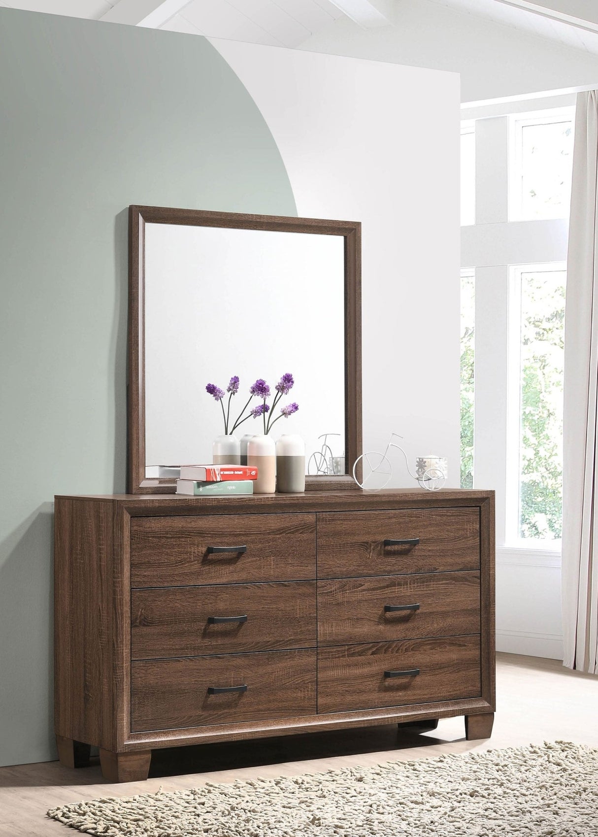 Cómoda Brandon de 6 cajones con espejo, marrón cálido medio | Coaster
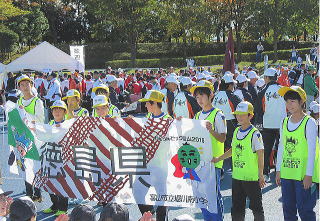 | 小学生達からプレゼントされた 横断幕を手に持ち行進 |
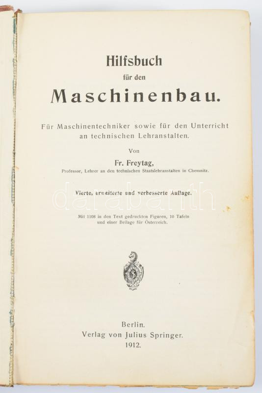 Freytag, [Friedrich]: Hilfsbuch für den Maschinenbau. Für Maschinentechniker sowie für den Unterricht an technischen Lehranstalten. Berlin, 1912, Julius Springer, XVI+1236 p.+ 10 (kihajtható) t. Szövegközti és egészoldalas ábrákkal illusztrálva. Német nyelven. Kiadói aranyozott egészvászon-kötés, egy kissé sérült, kijáró lappal.

··········

**The problem:** Having located the line with "小学生達からプレゼントされた 横断幕を手に持ち行進 |", copy it exactly along with every later line through the end of the listing above, but omit the pictures.

**Task answer:**
 | 小学生達からプレゼントされた 横断幕を手に持ち行進 |
 Freytag, [Friedrich]: Hilfsbuch für den Maschinenbau. Für Maschinentechniker sowie für den Unterricht an technischen Lehranstalten. Berlin, 1912, Julius Springer, XVI+1236 p.+ 10 (kihajtható) t. Szövegközti és egészoldalas ábrákkal illusztrálva. Német nyelven. Kiadói aranyozott egészvászon-kötés, egy kissé sérült, kijáró lappal.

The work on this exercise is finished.